Hoewel de meeste ontwikkelingen op het gebied van opslag gericht zijn op applicaties voor gegevensverwerking en gegevenspakhuizen, zijn ze net zo goed te gebruiken voor webgebaseerde systemen, als die maar geïmplementeerd zijn als een virtueel subsysteem, en niet een random puinhoop zijn. Dit is de gedachte achter ‘grid computing’: gebruik maken van de technologieën die zijn ontwikkeld voor huidige bedrijfsapplicaties in de nieuwe wereld van e-handel.

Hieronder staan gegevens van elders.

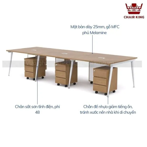 Kiểu dáng hình chữ nhật thanh thoát, mặt bàn rộng phẳng giúp bố trí tài liệu, laptop, máy chiếu và các thiết bị khác một cách khoa học. Phần chân bàn dạng côn mang đến sự chắc chắn, vững chãi, đồng thời tạo nên nét hiện đại và sang trọng cho tổng thể sản phẩm. Từng chi tiết từ chân bàn, giằng bàn đến các phụ kiện đi kèm đều được gia công cẩn thận, giúp sản phẩm không chỉ đẹp mắt mà còn đảm bảo tính ứng dụng cao.
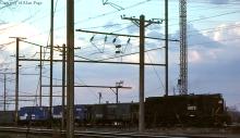 PC RSD-12 6876 moves a trio of cabooses including PC 21669 (N7 class), CR 21138 (N7D class, ex-EL C338), and a third CR caboose at Morrisville yard in March, 1977. CR 21138 was preserved by West Shore Rail Excursions, Delta Place Station, Rt 15, 2 miles north in Lewisburg, PA.

Een enkel fysiek systeem is geen optie. Allereerst gaan de te voorziene eisen aan de webserver verder dan de ontwikkelingen in hardware-systemen. We hebben het over duizenden mainframes (tegenover miljoenen pc’s). Dan is er het probleem van het eigendom en de niet onbelangrijke impact van de klantentrouw. Een verstokte HP-klant zal het niet erg vinden om een combinatie te vormen met iemand die Sun- of IBM-apparatuur gebruikt, maar zal niet willen veranderen. Bedenk dat er sprake is van een evolutie en niet van een revolutie, en dus zal het een ontwikkeling van meerdere leveranciers zijn. Hoewel Microsoft zou willen dat alles op .Net gebaseerd is, moeten ze ook met de rest mee. Dan is er het probleem van het netwerk, op twee niveaus: de zeer hoge snelheden die nodig waren voor de servers in het netwerk, en voor de gebruikers. Per gebruiker kan volstaan worden met een lagere snelheid, maar er is een enorm aantal van hen. Een enkele server zou een enorme bottleneck vormen. Dit distributieprobleem pakte IBM met succes aan tijdens de Olympische Spelen.
De echte nachtmerrie is beheer en beveiliging, of liever het gebrek eraan! Hoewel er relatief weinig wordt ingebroken op mainframes en Unix-systemen, zijn Windows-systemen een genot voor hackers. Wacht niet op Microsoft, ondanks toezeggingen om deze problemen te verhelpen in de vertraagde release van de .Net-server. Het probleem zit in het hart van het NT-softwaremodel. Hoewel Microsoft de ‘zachte onderbuik’ heeft waar hackers zo gek op zijn, is de rest verre van perfect. Wil ‘grid computing’ een succes zijn, dan zijn samenwerking en standaarden essentieel. En daarin heeft de it-industrie een belabberde reputatie!
Martin Healey, pionier ontwikkeling van op Intel gebaseerde computers en c/s-architectuur. Directeur van een aantal it-bedrijven en professor aan de Universiteit van Wales.